Instructions to follow: A word-for-word copy of the lines below, starting at the line with "羊羔毛短外套法式小香风仿羊羔毛外套短款女2021冬..." and ending at the last one, is what you should give. Omit every picture.

Data excerpt:

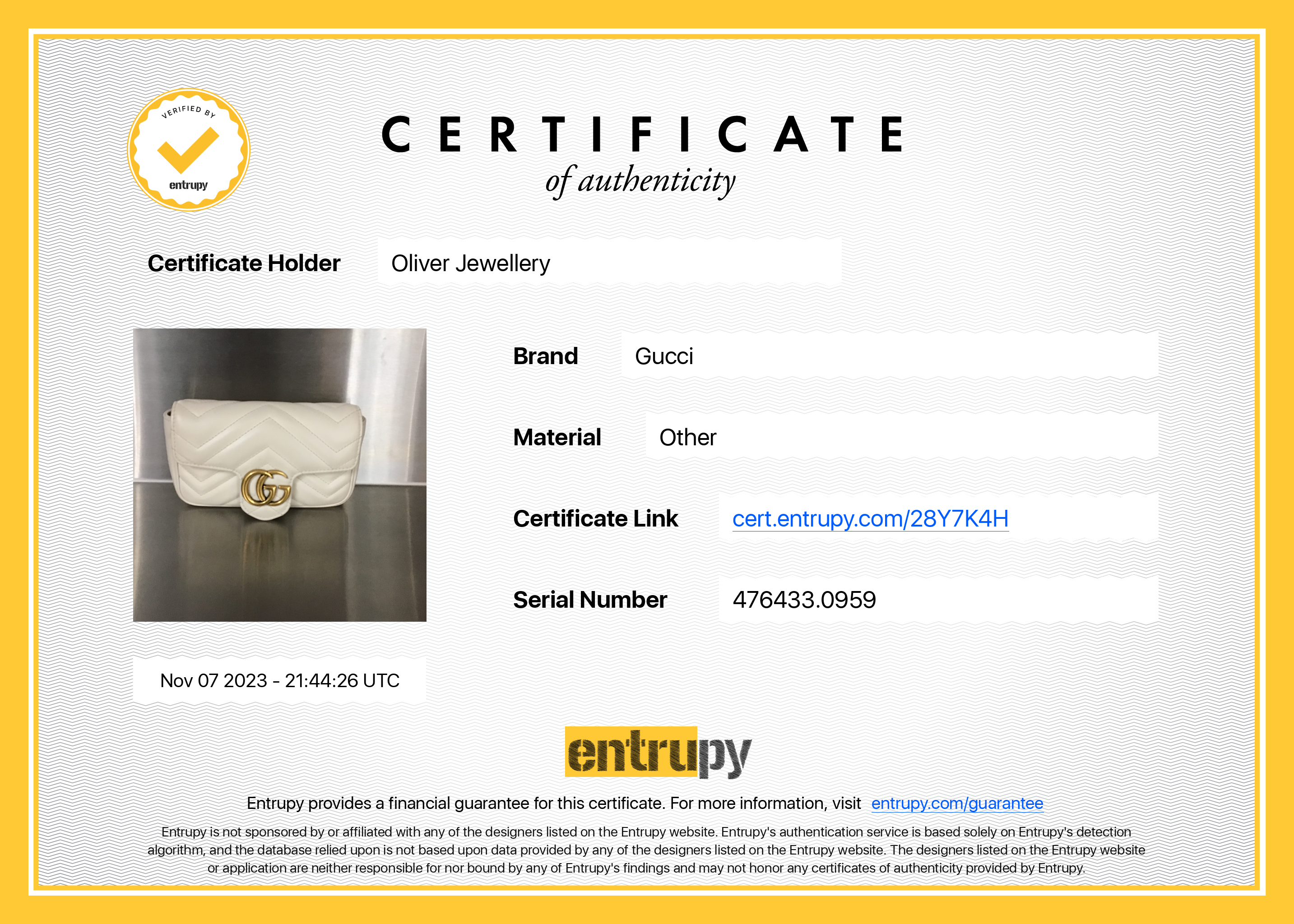 Box, Dust Bag, Chain Shoulder Strap, Key Ring, Booklet, Entrupy Certificate of Authenticity
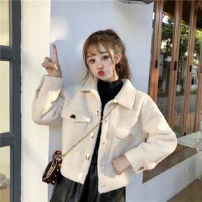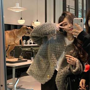 羊羔毛短外套法式小香风仿羊羔毛外套短款女2021冬...
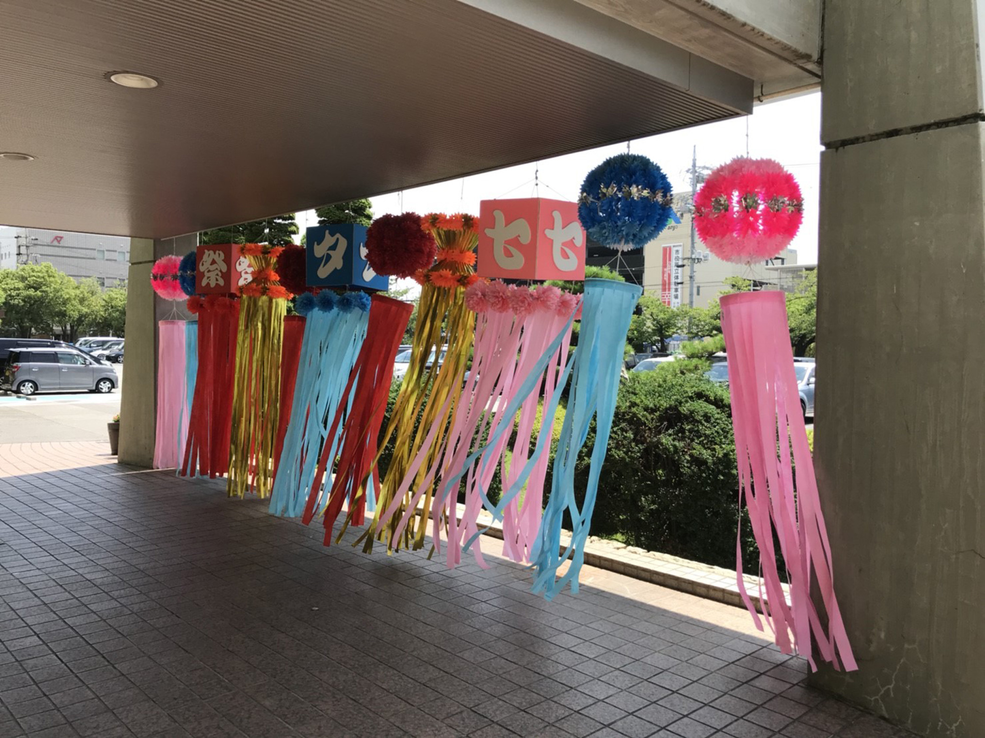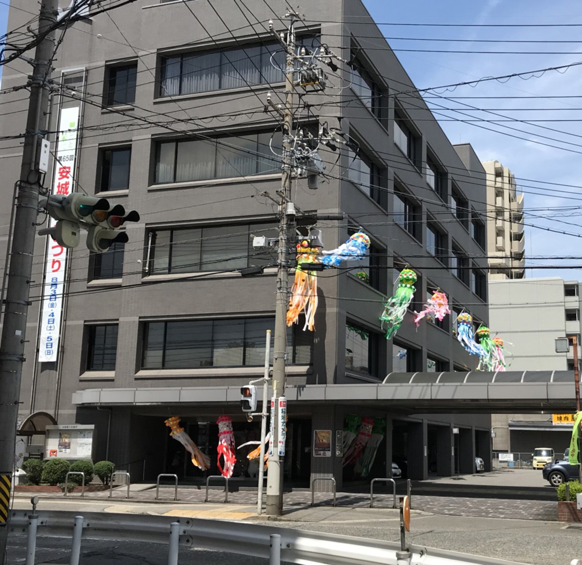 8月の3日(金)・4日(土)・5(日)に行われる「安城七夕まつり」にむけ、市内では飾り付けがはじまりました。

Answer:
 羊羔毛短外套法式小香风仿羊羔毛外套短款女2021冬...
 8月の3日(金)・4日(土)・5(日)に行われる「安城七夕まつり」にむけ、市内では飾り付けがはじまりました。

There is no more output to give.